**Aim of the exercise:** Take the material below and reproduce, word for word, only the lines from the line with "第四步:选择预约日期和办理城市,点击查询,然后选择办理网点" through the line with "Citation : Genre".

**Data for analysis:**
• • • • •

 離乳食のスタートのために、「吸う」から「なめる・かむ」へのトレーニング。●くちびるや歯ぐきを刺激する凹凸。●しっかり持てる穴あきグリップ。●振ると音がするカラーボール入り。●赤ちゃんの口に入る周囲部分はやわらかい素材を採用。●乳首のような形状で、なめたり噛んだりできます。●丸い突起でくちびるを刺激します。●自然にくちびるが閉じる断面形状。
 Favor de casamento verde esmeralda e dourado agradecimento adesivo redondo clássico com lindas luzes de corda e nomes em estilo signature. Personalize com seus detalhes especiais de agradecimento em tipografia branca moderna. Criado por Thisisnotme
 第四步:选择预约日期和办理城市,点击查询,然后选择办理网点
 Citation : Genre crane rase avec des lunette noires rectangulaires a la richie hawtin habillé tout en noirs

• • • • •

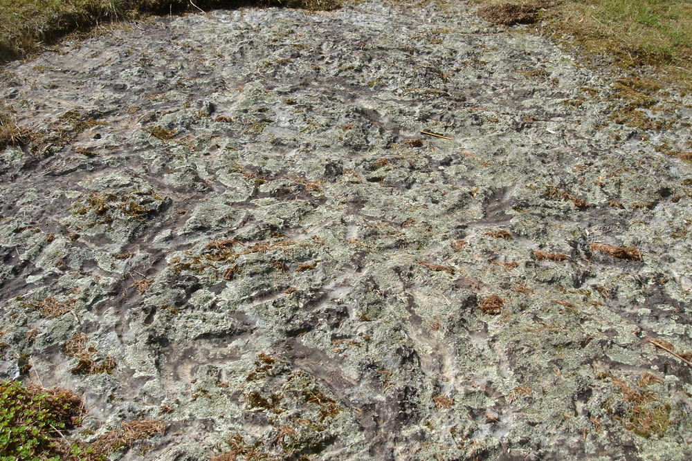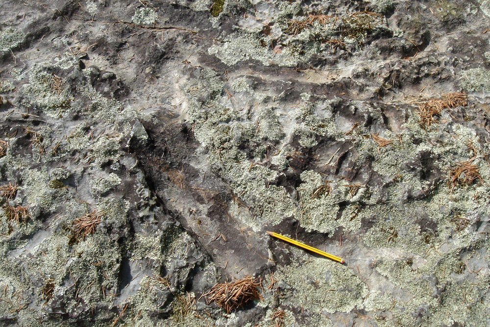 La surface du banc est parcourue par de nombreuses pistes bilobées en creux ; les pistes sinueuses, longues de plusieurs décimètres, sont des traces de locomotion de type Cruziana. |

• • • • •

**Solved exercise:**
 第四步:选择预约日期和办理城市,点击查询,然后选择办理网点
 Citation : Genre crane rase avec des lunette noires rectangulaires a la richie hawtin habillé tout en noirs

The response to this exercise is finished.